TASK DETAILS
All of the listing is to be written out word for word, with the pictures left out.

GIVEN MATERIAL
==========
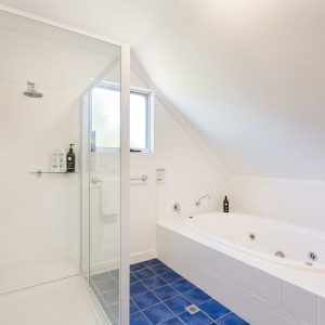 The property offers two beautifully appointed spacious king bedrooms and a third with either a king bed or two single beds all prepared with crisp linens. The master bedroom opens to beautiful views and direct access to the veranda and shares the bathroom, fitted with a jet bath, with the second bedroom. These rooms are located on the second level.
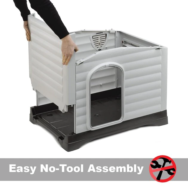 Give your furry friend his own outdoor area to rest with the MidWest Ferplast Villa Dog Kennel with Folding Porch. Made with anti-shock robust plastic, it is waterproof and UV resistant to withstand the elements. This kennel features a front entrance with a side panel that opens into a large porch, providing additional living space and ventilation for your pup. It also has a built-in drainage system to give your companion a dry living area. MidWest Ferplast Villa Dog Kennel with Folding Porch requires no tools to assemble so your paw-tner can enjoy it in no time.
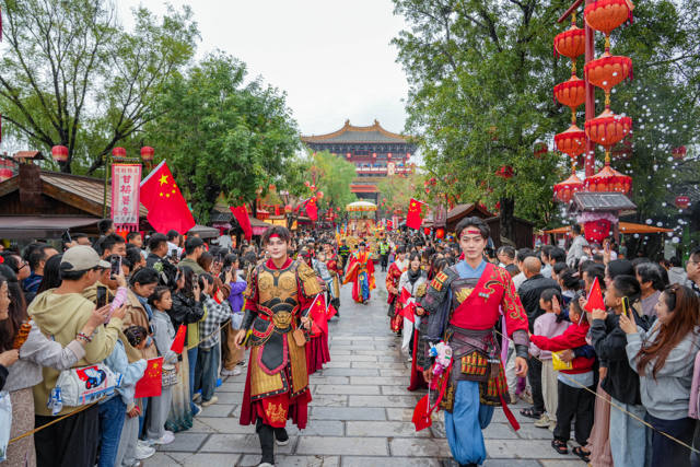 “双节”期间,开封清明上河园景区的路演吸引了来自全国各地的游客驻步观赏。记者 王健 摄
==========
PROBLEM SOLUTION
 The property offers two beautifully appointed spacious king bedrooms and a third with either a king bed or two single beds all prepared with crisp linens. The master bedroom opens to beautiful views and direct access to the veranda and shares the bathroom, fitted with a jet bath, with the second bedroom. These rooms are located on the second level.
 Give your furry friend his own outdoor area to rest with the MidWest Ferplast Villa Dog Kennel with Folding Porch. Made with anti-shock robust plastic, it is waterproof and UV resistant to withstand the elements. This kennel features a front entrance with a side panel that opens into a large porch, providing additional living space and ventilation for your pup. It also has a built-in drainage system to give your companion a dry living area. MidWest Ferplast Villa Dog Kennel with Folding Porch requires no tools to assemble so your paw-tner can enjoy it in no time.
 “双节”期间,开封清明上河园景区的路演吸引了来自全国各地的游客驻步观赏。记者 王健 摄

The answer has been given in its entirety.